Onu: carestia in metà Gaza. Cisgiordania in ebollizione
Senza tregua Bombe su una sede Unrwa, cancellata una famiglia a Rafah: l'attacco israeliano non si ferma, come non si fermano fame e malattie. Intanto crescono le crepe nel governo israeliano. E il ministero della salute boicotta l'inchiesta Onu sulle vittime del 7 ottobre
Senza tregua Bombe su una sede Unrwa, cancellata una famiglia a Rafah: l'attacco israeliano non si ferma, come non si fermano fame e malattie. Intanto crescono le crepe nel governo israeliano. E il ministero della salute boicotta l'inchiesta Onu sulle vittime del 7 ottobre
«È il più grande sfollamento vissuto dal popolo palestinese dal 1948». Così ha scritto su X l’agenzia dell’Onu, Unrwa, nata nel 1949 per tutelare il diritto al ritorno dei profughi palestinesi, per descrivere i primi cento giorni di offensiva su Gaza. Il popolo delle tende è ancora il popolo delle tende.

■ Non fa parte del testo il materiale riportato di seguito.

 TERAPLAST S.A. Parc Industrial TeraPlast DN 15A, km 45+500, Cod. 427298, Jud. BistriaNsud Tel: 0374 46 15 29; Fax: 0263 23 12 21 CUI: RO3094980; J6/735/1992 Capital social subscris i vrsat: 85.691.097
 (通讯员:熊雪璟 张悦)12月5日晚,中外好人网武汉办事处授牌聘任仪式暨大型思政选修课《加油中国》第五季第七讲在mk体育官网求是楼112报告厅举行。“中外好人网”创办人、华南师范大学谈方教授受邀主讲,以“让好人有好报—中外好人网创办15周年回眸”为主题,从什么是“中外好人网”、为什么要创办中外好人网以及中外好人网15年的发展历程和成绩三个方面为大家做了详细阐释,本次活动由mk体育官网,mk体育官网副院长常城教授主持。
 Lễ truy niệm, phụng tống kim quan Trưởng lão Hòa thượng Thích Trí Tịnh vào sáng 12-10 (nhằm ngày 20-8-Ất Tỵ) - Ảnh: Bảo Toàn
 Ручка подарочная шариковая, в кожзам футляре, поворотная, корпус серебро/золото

Soffre la fame, vive in rifugi affollati, ha freddo, non ha più casa. E muore: ieri il bilancio delle vittime accertate è salito a 24.285, di cui 158 nelle ultime 24 ore. Tra le strutture colpite, una casa a Rafah (uccisa l’intera famiglia, 12 persone) e un magazzino dell’Unrwa a Deir el-Balah.

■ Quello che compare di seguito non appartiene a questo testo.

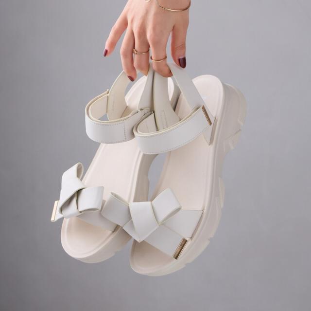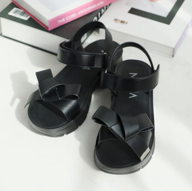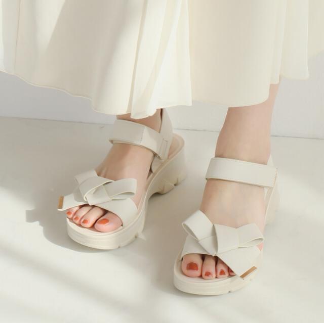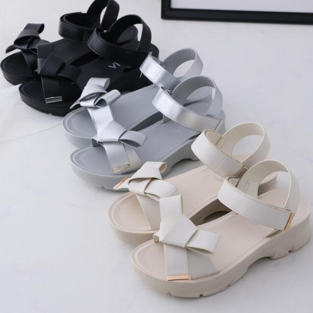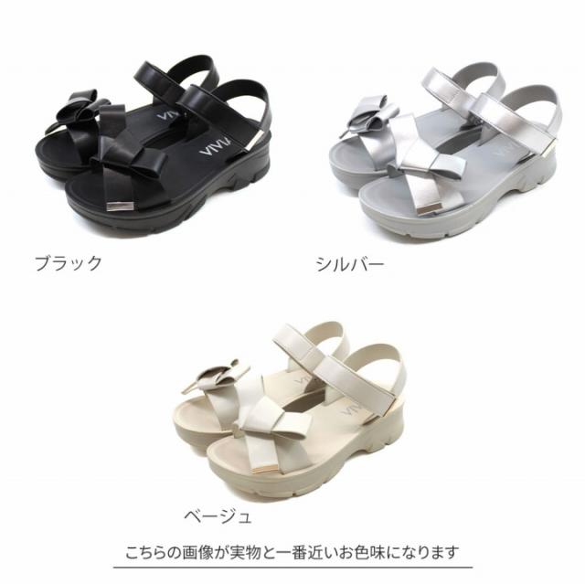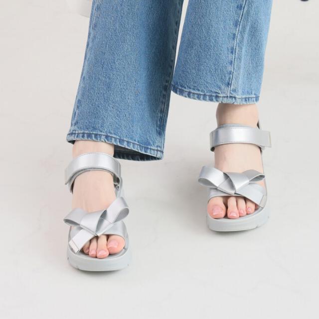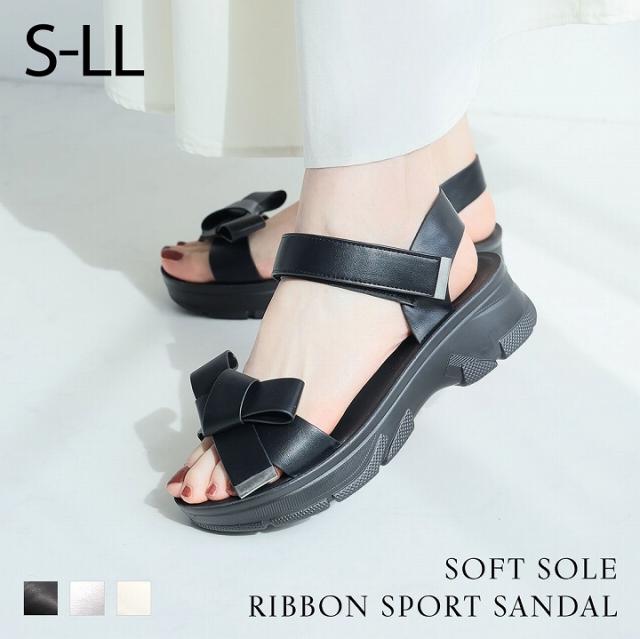【MAX20%OFFクーポン】 サンダル レディース 夏新作 やわらかい 厚底サンダル 厚底 リボン スポーツサンダル スポサン ブラック 黒 ベージュ シルバー メタリック V31042SM

Sui social i funzionari Onu che riescono a entrare dall’Egitto raccontano le condizioni nel sud: «Alcuni non mangiano da giorni, i bambini non hanno vestiti invernali. La maggior parte dei prodotti non si trova e quelli disponibili costano troppo», dice Olga Cherevko dell’agenzia Ocha.
Che continua la conta degli affamati: 378mila palestinesi sono nella fase 5, «catastrofe»; 939mila nella fase 4, «emergenza». L’Oms invece dà conto delle malattie: ora si diffonde l’epatite A nel centro e a Rafah, le aree più affollate, per la carenza di acqua pulita e bagni e il collasso del sistema fognario.
Intanto la politica si muove a modo suo. L’Unione europea ha inserito il capo di Hamas a Gaza, Yahya Sinwar, nella lista dei terroristi aprendo al congelamento di eventuali beni detenuti nel continente.
Si discute anche a Davos: ieri al forum svizzero il primo ministro del Qatar, Al Thani, impegnato nel negoziato tra Hamas e Israele, ha detto che «senza una soluzione politica a due stati, non ci sono formule magiche che riportino a prima del 7 ottobre». Necessari, dice, cessate il fuoco, rilascio dei prigionieri israeliani e palestinesi e fine dell’occupazione militare dei Territori occupati.
Consapevolezze emergono anche a Tel Aviv. Se, secondo fonti interne, il premier Netanyahu e il ministro della difesa Gallant non si parlano più, ieri alla Army Radio il ministro Sa’ar ha ammesso che no, «Hamas non è stato sconfitto» (ieri, tra l’altro una 50ina di missili sono stati lanciati dalla Striscia verso la città di Netivot).
Lunedì era stato il ministro Eisenkot a insistere per un accordo di scambio tra prigionieri e ad accusare il gabinetto di guerra di «mentire a se stesso».
Del caos interno alla politica israeliana è un segno la rivelazione di Haaretz secondo cui l’esercito sta avvertendo il governo di una «imminente implosione» della Cisgiordania, chiusa da tre mesi, sottoposta a raid militari e violenze dei coloni, senza quasi più lavoro né in Israele né nelle città palestinesi, divise tra loro e irraggiungibili.
Per questo l’esercito avrebbe trasferito una delle unità di élite da Gaza alla Cisgiordania, per prevenire esplosioni di rabbia. «Errore grave» l’ha definito il ministro dell’ultradestra Ben Gvir.
Il ministero della salute, intanto, ha ordinato ai medici israeliani di non parlare e collaborare con la Commissione internazionale di inchiesta dell’Onu che indaga sulle vittime del 7 ottobre. Lo riporta il Times of Israel.